### Data to use
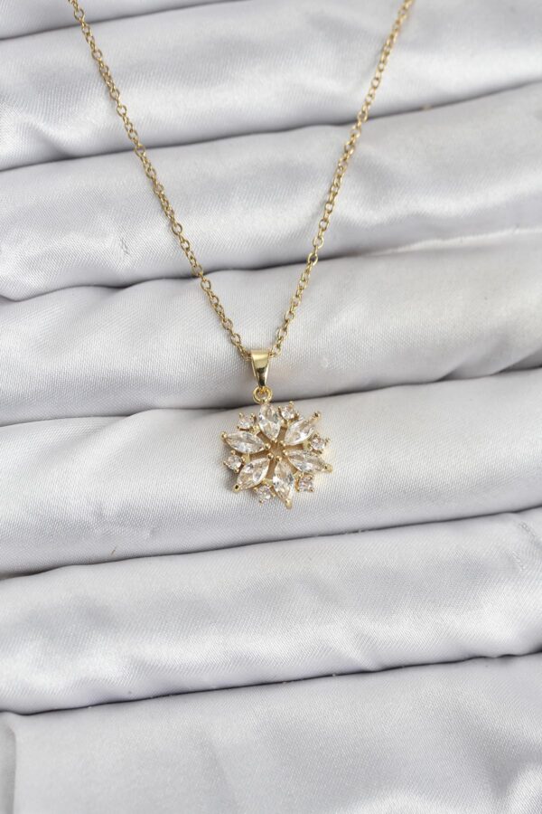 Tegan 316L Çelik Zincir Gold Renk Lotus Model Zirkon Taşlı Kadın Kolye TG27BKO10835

--

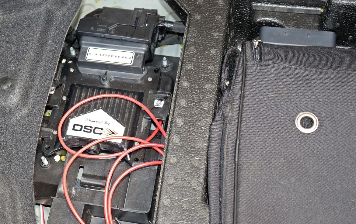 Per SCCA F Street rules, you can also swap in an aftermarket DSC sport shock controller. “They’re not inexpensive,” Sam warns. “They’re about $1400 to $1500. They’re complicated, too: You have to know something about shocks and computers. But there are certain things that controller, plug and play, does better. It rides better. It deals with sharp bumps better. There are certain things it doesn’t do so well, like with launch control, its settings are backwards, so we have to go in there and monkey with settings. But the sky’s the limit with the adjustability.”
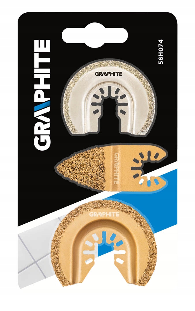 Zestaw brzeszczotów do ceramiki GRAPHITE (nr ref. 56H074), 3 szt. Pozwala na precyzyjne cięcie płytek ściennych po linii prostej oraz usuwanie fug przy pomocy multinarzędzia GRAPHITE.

### What is required
The answer is the lines above from the one with "Per SCCA F Street" to the one with "Zestaw brzeszczotów do", set down exactly, with no pictures.

### Answer for this exercise
 Per SCCA F Street rules, you can also swap in an aftermarket DSC sport shock controller. “They’re not inexpensive,” Sam warns. “They’re about $1400 to $1500. They’re complicated, too: You have to know something about shocks and computers. But there are certain things that controller, plug and play, does better. It rides better. It deals with sharp bumps better. There are certain things it doesn’t do so well, like with launch control, its settings are backwards, so we have to go in there and monkey with settings. But the sky’s the limit with the adjustability.”
 Zestaw brzeszczotów do ceramiki GRAPHITE (nr ref. 56H074), 3 szt. Pozwala na precyzyjne cięcie płytek ściennych po linii prostej oraz usuwanie fug przy pomocy multinarzędzia GRAPHITE.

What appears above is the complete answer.